Final answer:
To calculate the final volume of the stretched copper rod, stress and strain due to the applied force are computed, the change in length is determined, and this is used to calculate the final volume of the rod.
Step-by-step explanation:
The question asks to calculate the final volume of a cylindrical copper rod when it is stretched with a load. To find the final volume, we need to determine the change in length of the rod due to the stress applied and then calculate the new volume. Using Hooke's law, stress (σ) is equal to the force (F) divided by the cross-sectional area (A), and strain (ε) is equal to stress (σ) divided by the modulus of elasticity (E).

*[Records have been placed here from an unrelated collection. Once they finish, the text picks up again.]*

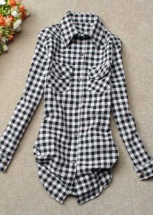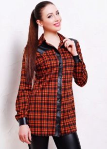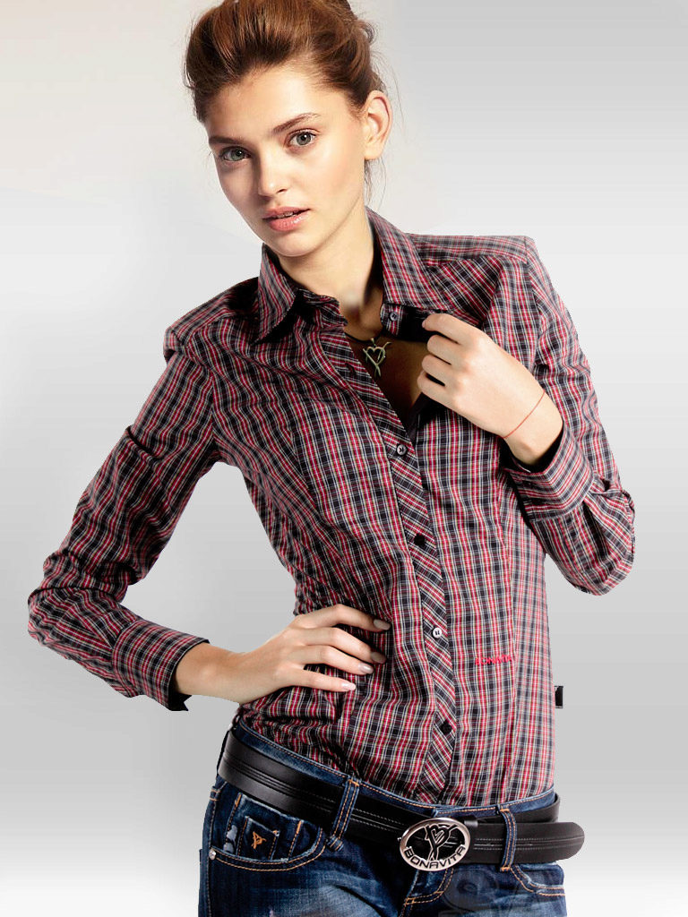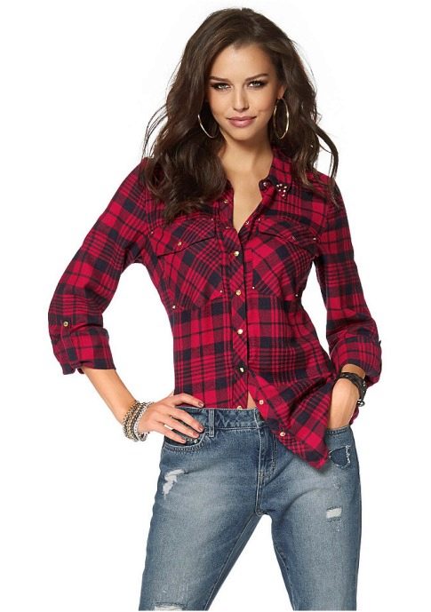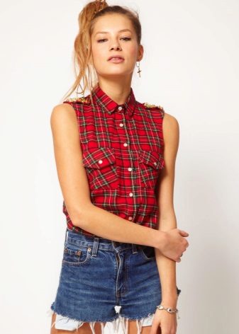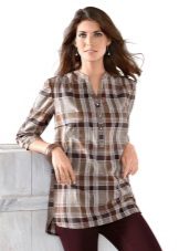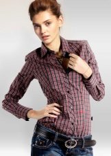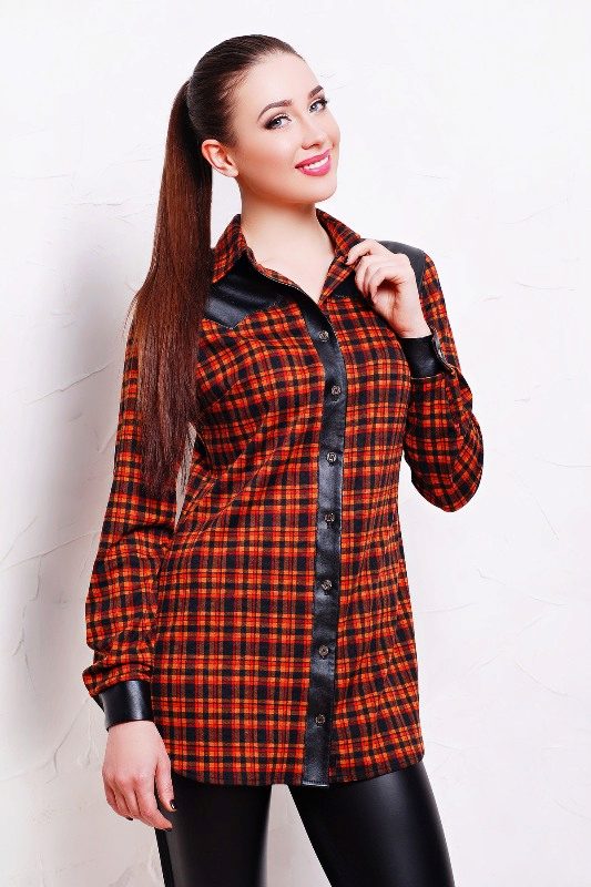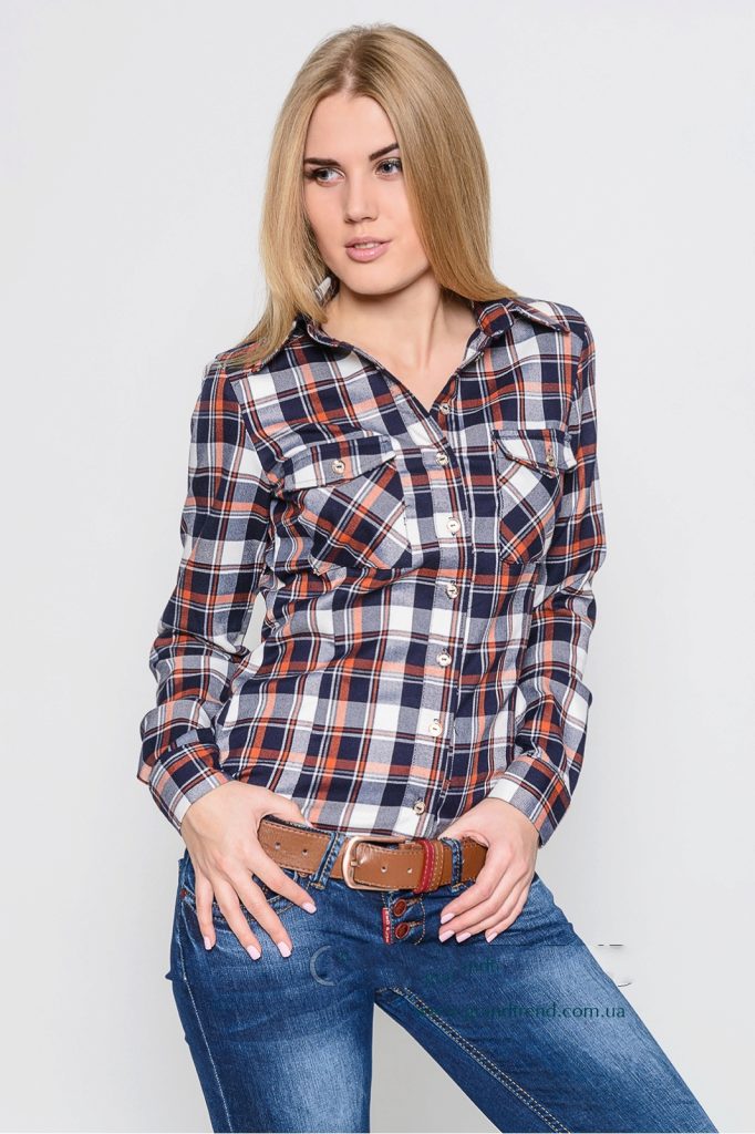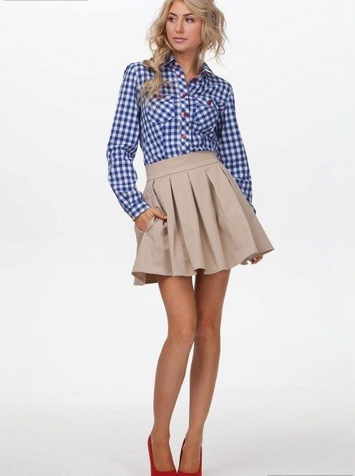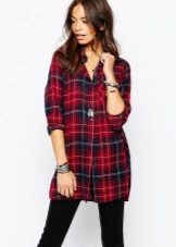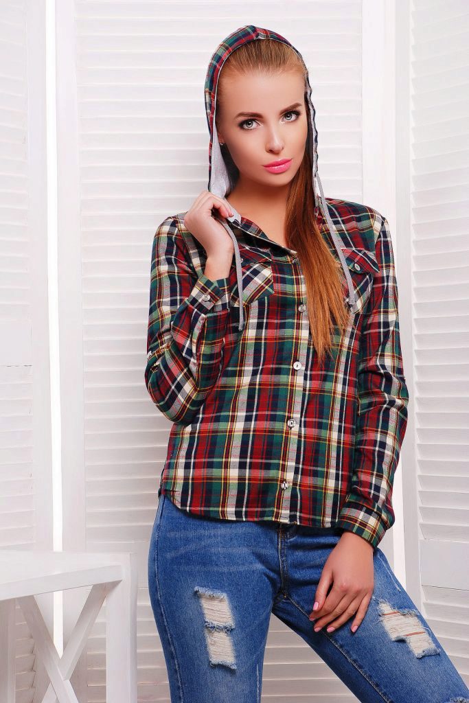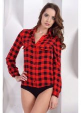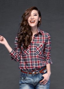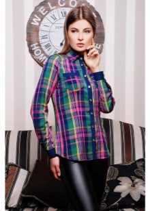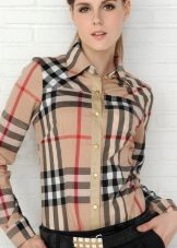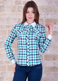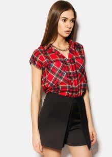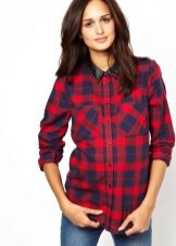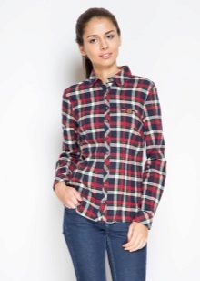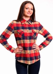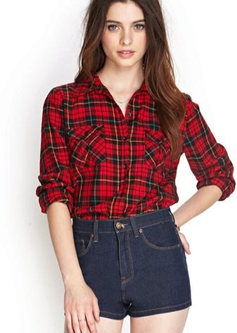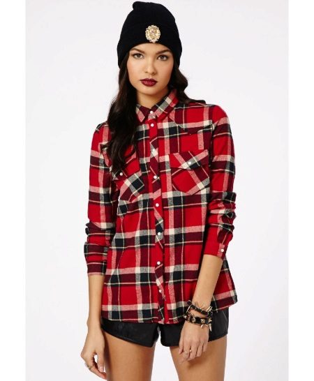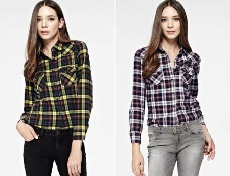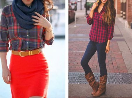 Bright cellular prints look most profitable in the red-green Scottish colors. This shirt model, which has a tight-fitting style, looks great on slender girls.
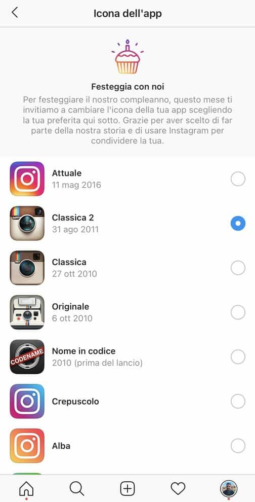 «Per festeggiare il nostro compleanno questo mese ti invitiamo a cambiare l’icona della tua app scegliendo la tua preferita qui sotto». È questo il messaggio che gli utenti si trovano davanti se spulciano per bene all’interno di Instagram quest’oggi. Sì, perché il 6 ottobre la popolarissima app della galassia Facebook, per i suoi primi dieci anni di attività, ha deciso di “regalare” agli utenti la possibilità di modificare l’icona che ormai da alcuni anni tiene compagnia ai milioni di utenti del social di Mark Zuckerberg.
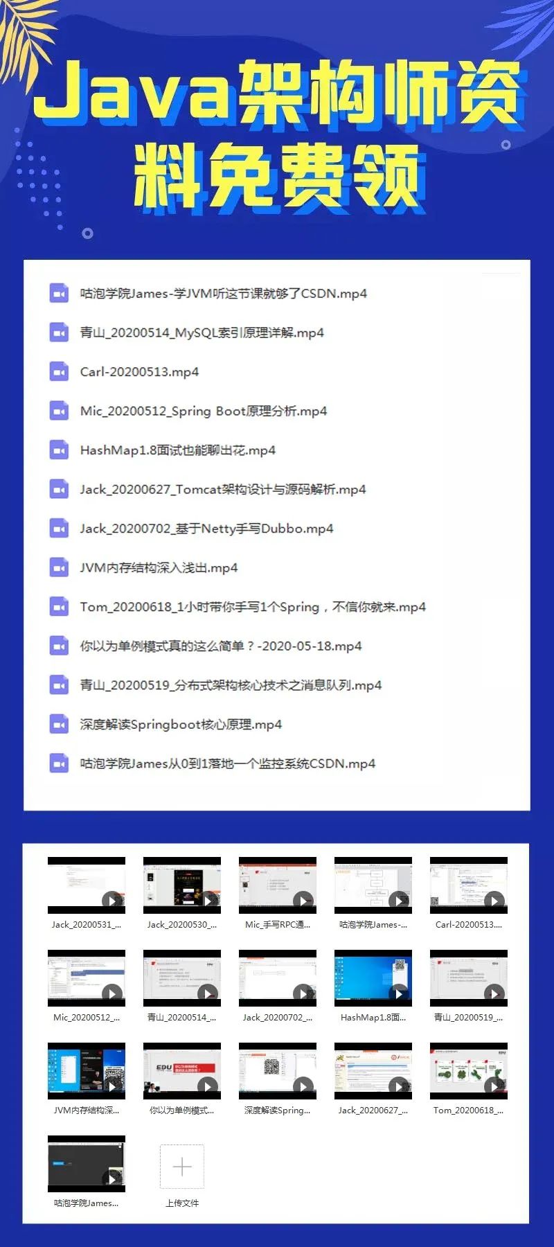 还有这些【面试题和Java架构视频】,放在我的【Java高级交流群】里,群里会有各种PDF书籍,大牛相互交流技术,捣乱和发广告的勿加。
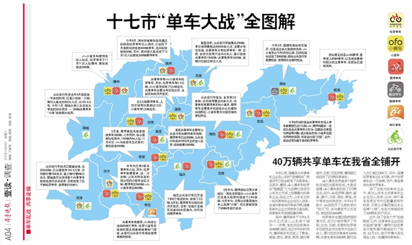 今年以來,隨著各大共享單車企業在山東的“攻城略地”,我省17地市已經全部都有了共享單車。這其中,摩拜、ofo小黃車和哈羅這“橙黃藍”三大品牌已經成為山東本土市場上規模最大的單車企業。除此之外,山東本土的一些共享單車企業也加入進來,全省共享單車約有40萬輛。隨著各單車企業之間競爭的日益加劇,共享單車市場面臨著洗牌。

First, we calculate the stress using the formula σ = F / A. Substituting the given values, we get σ = (4.0*10^5 N) / (1.2 cm²). Next, we calculate strain using the formula ε = σ / E. The modulus of elasticity for copper (E) is given as 70 GPa, which we need to convert to the same units as stress (N/cm²).
After finding the strain, we use it to calculate the change in length (ΔL) using the formula ΔL = ε * L, where L is the original length of the rod. Finally, the final volume (Vₓ) is determined by the formula Vₓ = V₀ + (A * ΔL), where V₀ is the original volume of the rod.
It's important to mention that the student should confirm that the stress applied does not exceed the yield strength (σy) or the tensile strength (σTS) of copper, to ensure that the material does not fail or deform in an irreversible way.